WHAT YOU NEED TO DO: Print all of the data below exactly as it appears, leaving out every image.

GIVEN INFORMATION:
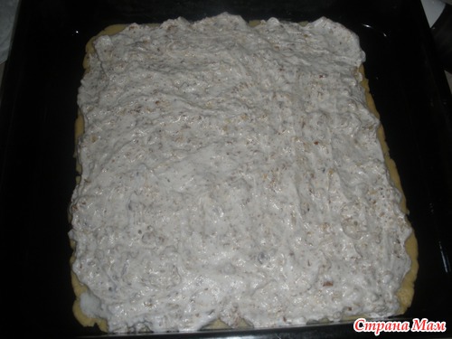 Одну часть теста раскатать толщиной 0,4-0,5 см на бумаге для выпечки или сразу на противне. Выложить сверху начинку и распределить ее до края теста.
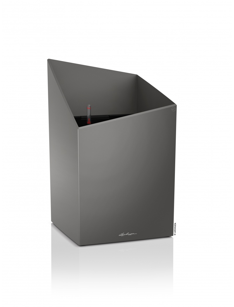 Le bac CURSIVO Premium de Lechuza dispose du système d'arrosage breveté Lechuza. Ce système amovible est intégré dans un contenant aux formes modernes et anguleuses et à la finition métallisée anthracite du plus bel effet
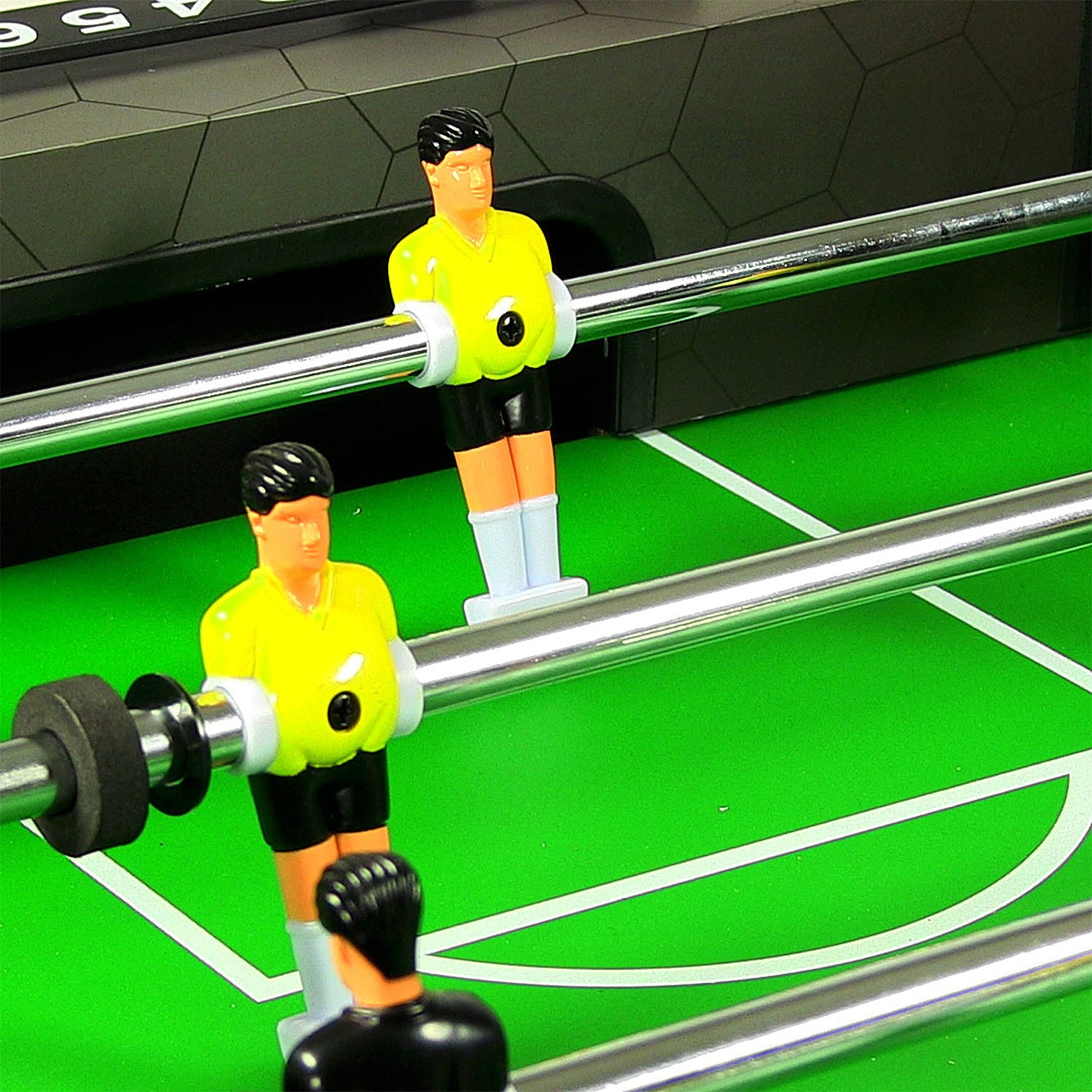 - Lots of fun: This foosball table features cool soccer graphics, easy-to-grip handles and detailed painting on the players. Easily keep score with the manual scorer located on each side.
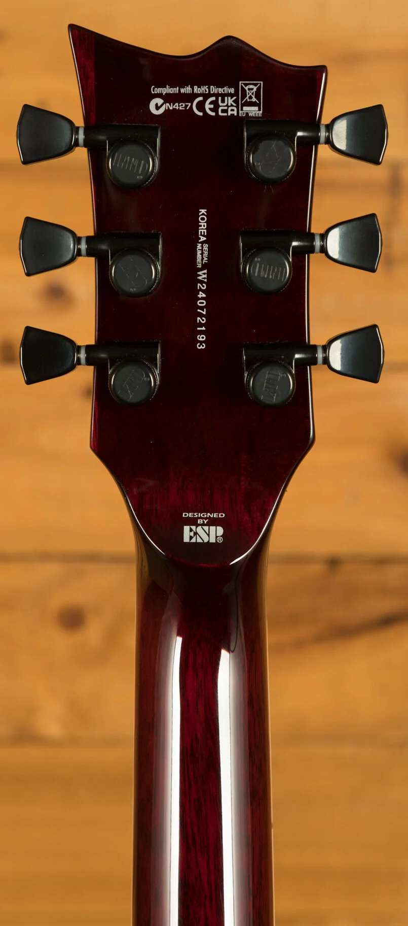 Built for comfort and durability, the EC-1000 features a set-thru construction with a 24.75" scale length and a smooth heel joint for effortless access to higher frets. The combination of a mahogany body and a three-piece mahogany "Thin U" neck ensures a solid, resonant tone with excellent playability. The Macassar ebony fingerboard with a 350mm radius, ESP flag inlays, and 24 extra-jumbo stainless steel frets enhances precision and reduces wear, making this guitar a reliable choice for long-term use.

TASK ANSWER:
 Одну часть теста раскатать толщиной 0,4-0,5 см на бумаге для выпечки или сразу на противне. Выложить сверху начинку и распределить ее до края теста.
 Le bac CURSIVO Premium de Lechuza dispose du système d'arrosage breveté Lechuza. Ce système amovible est intégré dans un contenant aux formes modernes et anguleuses et à la finition métallisée anthracite du plus bel effet
 - Lots of fun: This foosball table features cool soccer graphics, easy-to-grip handles and detailed painting on the players. Easily keep score with the manual scorer located on each side.
 Built for comfort and durability, the EC-1000 features a set-thru construction with a 24.75" scale length and a smooth heel joint for effortless access to higher frets. The combination of a mahogany body and a three-piece mahogany "Thin U" neck ensures a solid, resonant tone with excellent playability. The Macassar ebony fingerboard with a 350mm radius, ESP flag inlays, and 24 extra-jumbo stainless steel frets enhances precision and reduces wear, making this guitar a reliable choice for long-term use.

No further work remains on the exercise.